My roommate and I had a nyquil contest. The nyquil won.
I just took a dump by candlelight. I feel like a pilgrim.
I just saw some girl with the liscense plate "OBVIII"...I never wanted to get in a car accident so badly.
I think i'm just gonna start shot-gunning everything that comes in can form.
Restaurants Roasting People Who Gave Them Negative Yelp Reviews (25 Pics)
It'll be like the burning bush except without moses and with pubes.
He's like Medusa, you can't look directly into his eyes or you'll turn into a slut.
I'll even give you a complementary welcome blowjob.
How was my weekend?

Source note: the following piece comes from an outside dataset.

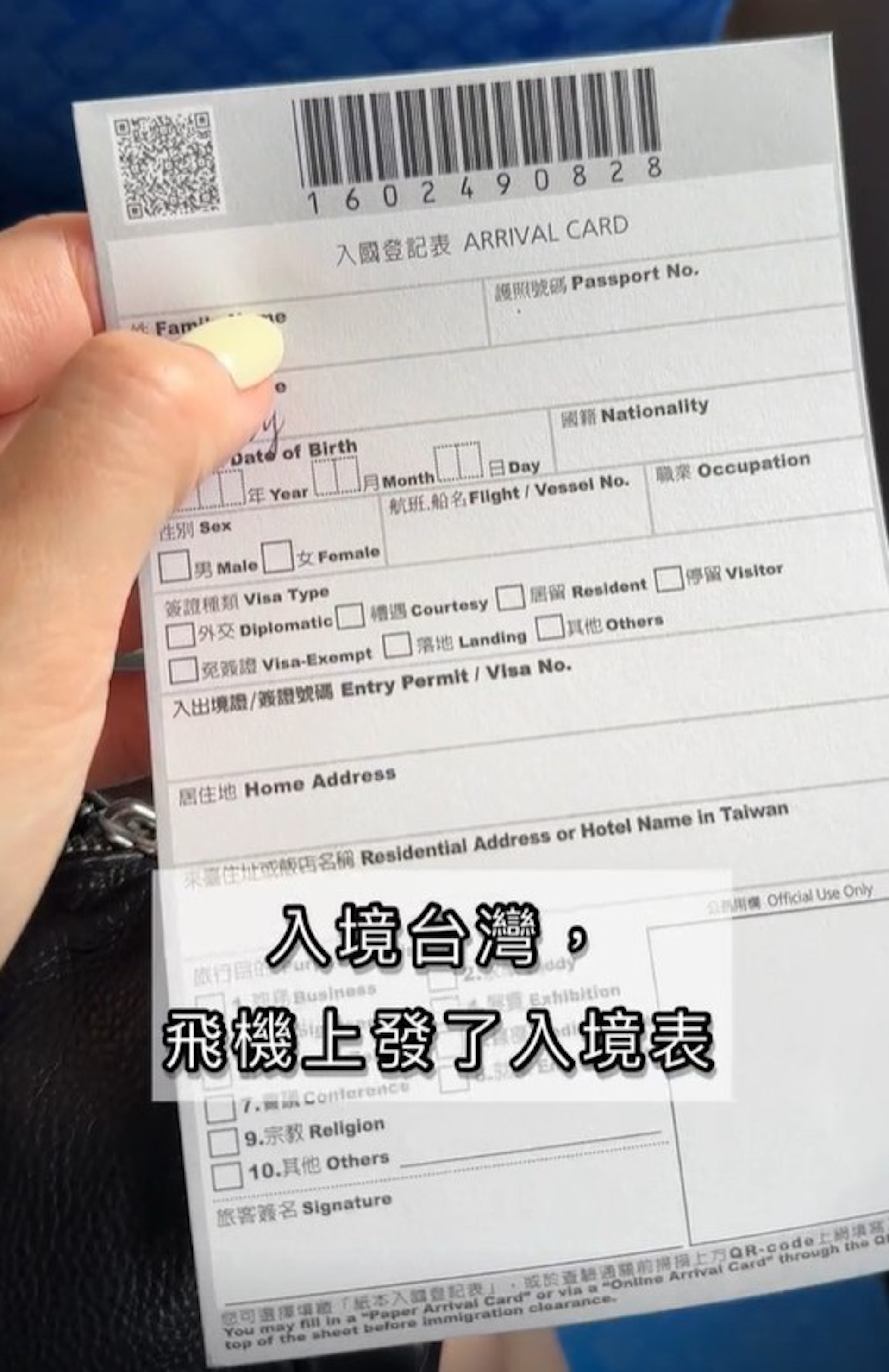 7 G$ `1 y3 K5 k$ \* Gtvb now,tvbnow,bttvb女子在機上獲空中服務員派發「入國登記表」。(macypig@抖音截圖)tvb now,tvbnow,bttvb$ y0 g$ ^, o5 _" G- C, I! C/ K

I just blew my nose and a gram of coke fell out. My weekend was fantastic.
The cleaning lady has moved my vibrator twice now so I would say I'm pretty ready to move out.
Woman Posts Harassing DMs From Creep Online, Now He’s Upset Because People Told His Mom
I saw a classic trojan enz laying on his desk. So he's probably not into the kinky shit.
Her mom came in and passed out drunk on the floor next to us while she was riding me, "it's all good, she does this all the time" is what she said
I stole an accordion from the bar
Accidentally
I'm having ragrets about stealing the accordion
Right?? Give me some apple scented candles and I'm a fall wet dream
I'm dying of laughter, but I'm also just dying
Send help
God I need to hump something, right now.